Jim Nicholson

No. 70, 67
- Position: Offensive tackle

Personal information
- Born: February 28, 1949 (age 77) Honolulu, Hawaii, U.S.
- Listed height: 6 ft 6 in (1.98 m)
- Listed weight: 269 lb (122 kg)

Career information
- High school: Saint Louis (Honolulu)
- College: Michigan State
- NFL draft: 1973: 9th round, 219th overall pick

Career history
- Kansas City Chiefs (1974–1979); San Francisco 49ers (1981);

Awards and highlights
- Second-team All-Big Ten (1972);

Career NFL statistics
- Games played: 72
- Games started: 65
- Fumble recoveries: 3
- Stats at Pro Football Reference

= Jim Nicholson (offensive lineman) =

American football player (born 1949)

James Burton Nicholson Jr. (born February 28, 1949) is an American former professional football player who was an offensive tackle in the National Football League (NFL). He played college football for the Michigan State Spartans.
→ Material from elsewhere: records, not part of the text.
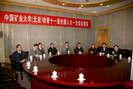 第十一届全国人民代表大会第一次会议3月5日上午在人民大会堂隆重开幕。国务院总理温家宝向大会作了政府工作报告。为认真学习贯彻会议精神,我校党委理论学习中心组在国际交流中心201会议室集中收看了大会盛况,聆听了温总理的政府工作报告。校党委书记张保军,校长乔建永,副校长杨仁树、孙继平,党委副书记范迅,校长助理、研究生院常务副院长姜耀东,校党委常委、党委组织部部长王忠强及党政办公室、党委宣传部负责人等一起观看了大会开幕式。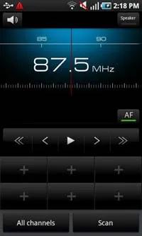 Samsung I9000 Galaxy S به یک رادیو اف ام با RDS هم مجهز است. رابط این نرم افزار ساده است و با چرخاندن لغزنده ای که در نظر گرفته شده است می توانید بین ایستگاه ها منتقل شوید. امکان ذخیره تا شش ایستگاه در لیست علاقمندی ها هم در نظر گرفته شده است. می توانید در حالت بلندگو هم به رادیو گوش کنید اما در این حالت هم باید هدست به گوشی متصل باشد.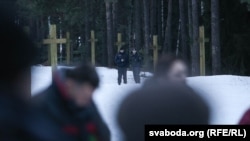 На завяршэньне ўдзельнікі акцыі памяці паставілі каля крыжоў запаленыя зьнічы і прасьпявалі малітоўны гімн «Магутны Божа».

Nicholson was selected in ninth round of the 1973 NFL draft by the Los Angeles Rams and was traded in 1974 to the Kansas City Chiefs for a fifth-round draft pick. He started at right tackle for the Chiefs for six seasons, from 1974 to 1979. He was picked up on waivers by the San Diego Chargers in 1980 and played one game with the San Francisco 49ers in 1981.

On December 4, 2024, Nicholson was inducted into the Polynesian Football Hall of Fame.